» **What the exercise asks**
Output everything in the data exactly, leaving the pictures out.

» **Given data**
Content starts
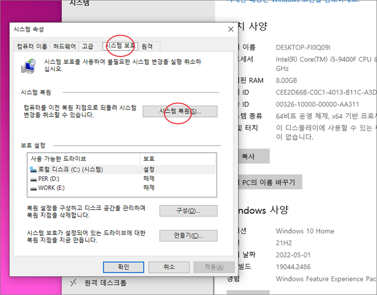 ▼ 시스템 속성 팝업이 뜨면 시스템 보호 탭으로 갑니다. 시스템 복원은 드라이브의 보호가 설정으로 되어 있어야 하며, 복원지점이 하나라도 생성이 되야 합니다. 이전에 복원지점을 설정했다면 생성이 되어 있을 겁니다. 복원을 위해 [시스템 복원] 버튼을 클릭합니다.
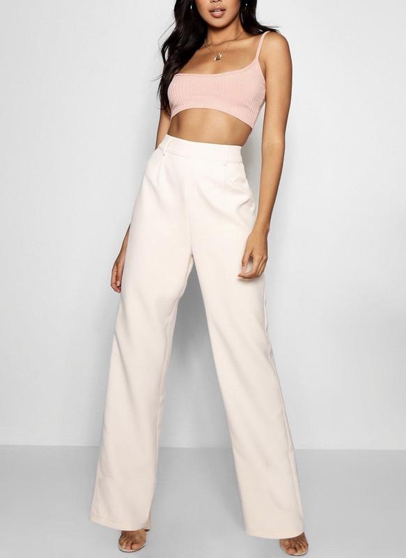 Брючки в красивому бежево нюдовому відтінку ідеально сідають по фігурці розмір 8 М ,можна носити ,як з кросівками так і з кедами Базовий фасон з високою талією ,стан в ідеалі дуже круто видовжують ніжки за рахунок фасоном пояс 36см поб 46см довж 120 см
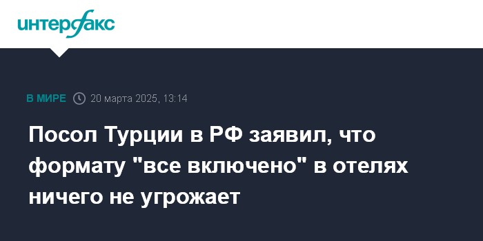 Посол Турции в РФ заявил, что формату "все включено" в отелях ничего не угрожает
Content ends
» **Reply to the task**
 ▼ 시스템 속성 팝업이 뜨면 시스템 보호 탭으로 갑니다. 시스템 복원은 드라이브의 보호가 설정으로 되어 있어야 하며, 복원지점이 하나라도 생성이 되야 합니다. 이전에 복원지점을 설정했다면 생성이 되어 있을 겁니다. 복원을 위해 [시스템 복원] 버튼을 클릭합니다.
 Брючки в красивому бежево нюдовому відтінку ідеально сідають по фігурці розмір 8 М ,можна носити ,як з кросівками так і з кедами Базовий фасон з високою талією ,стан в ідеалі дуже круто видовжують ніжки за рахунок фасоном пояс 36см поб 46см довж 120 см
 Посол Турции в РФ заявил, что формату "все включено" в отелях ничего не угрожает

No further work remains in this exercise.